Other important points addressed by our study deserve to be highlighted, as they demonstrate a different profile from other data previously published. As in the other series, there was a predominance of females, probably reflecting the higher prevalence of IMRD in women.11 17 However, different from other studies, our patients were younger11 17 19 and most of those who died were women under the age of 60 (median 53 years). Considering the median age of 45 years of patients in our cohort, and the mean age of the patients that died, it suggests that immunosuppression is a relevant factor associated with mortality in COVID-19. The immunosuppressed, younger patients can be more vulnerable, and should be considered as a group for shielding. Although our patients were younger, more than two-thirds were not working, and among those who were active at work, most performed activities involving care or contact with the public, which may have favoured infection by SARS-CoV-2. Less than half reported social isolation, suggesting a lack of confidence in social distancing measures or for being considered as breadwinners. Compared with other cohorts, in which SLE patients comprise 6.5%–19.0%, we have found a higher proportion (32.9%).11–13 15 17 Some cohorts that evaluated only SLE patients demonstrated a higher rate of hospitalisation41 42 with no difference between those who used or did not use HCQ and also with no difference in relation to the need for mechanical ventilation or extracorporeal membrane oxygenation.41 43

Although the most recent systematic review and meta-analysis44 has shown the IMRD patients are more susceptible to the COVID-19, including unfavourable outcomes, when SLE patients are separately analysed, particularly in case–control studies, this finding does not seem to be an absolute true. It probably reflects a selection bias, frequently reported by observational studies, similar to our findings, since most research centres have a great number of SLE patients, with easy access to the researcher and to hospital. In addition, these patients could have been more frequently hospitalised because the clinician may have considered the potential severity of the disease in the COVID-19 scenario. In the multivariate analysis, having a diagnosis of SLE was considered as a possible protective effect for ICU. Nonetheless, it is worth emphasising that SLE patients may have the combination of infection and disease activity in the context of immunosuppression and the rheumatologist needs to individualise the treatment weighing benefits and risks. Interestingly, the current reports have not shown reactivation of underlying IMRD after the COVID-19.45 46 Thus, large and longitudinal studies are necessary to address this relevant issue.

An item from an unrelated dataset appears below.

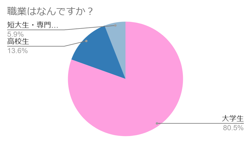 大学生が80.5%、高校生が13.6%、短大生・専門生が5.9%となっている。

In the 74 Latin American patients with rheumatic diseases and COVID-19 reported from the COVID-19 Global Rheumatology Alliance Physician-Reported Registry there were more RA patients (35%) than SLE patients (22%), while in our sample the proportion of SLE patients (32,9%) was greater than the RA (28,4%).47

Although hypertension and diabetes were the most frequent comorbidities, as described in other cohorts, we observed that diabetes and renal diseases were the two diseases associated with emergency care at the final model. Of interest, we found 15.7% of obesity, which was not frequently described in other cohorts, but almost the same to one multicentric cohort.13 15 18

A strength of our study is that we included patients from different states of Brazil, a continental country, with most of the patients with confirmed diagnosis of COVID-19 based on positive COVID-19 RT-PCR testing. In addition, the 8-week interim analysis is related to the first weeks of community viral transmission, a relevant finding simulating the pandemic epidemiological curve in Brazil.48

As a limitation of the study, many cases may be not included in the cohort because they were not tested or have not been confirmed, usually for presenting a benign evolution of the disease. Since in the Brazilian public health system only hospitalised patients were being tested, this may have become a selection bias, including only the most severely ill patients. Because this is a national register, patients were treated in different services, possibly with different physical and personnel characteristics—a fact that may have interfered with the results. The availability of healthcare in Brazil can be different when it comes to the public or private health system. Regarding treatment, it was not possible to evaluate the association between COVID-19 with the combination use of different immunosuppressants or DMARDs combination.

Another limitation is related to main endpoints, including hospitalisation, need of mechanical ventilation and death, because they could not be adjusted for potential bias, such as access to healthcare systems, availability of hospital beds, strategies to mitigate the community viral transmission, heterogeneous expertise of medical team.49 50 Physicians’ beliefs on the risk of poor outcome in IMRD patients, especially those under immunosuppression, could have driven decision making, such as the need of ICU and medications given earlier. However, it is also important to consider that some patients enrolled in our registry had active and severe underlying IMRD. Therefore, the unfavourable evolution of them could occur itself, regardless of COVID-19.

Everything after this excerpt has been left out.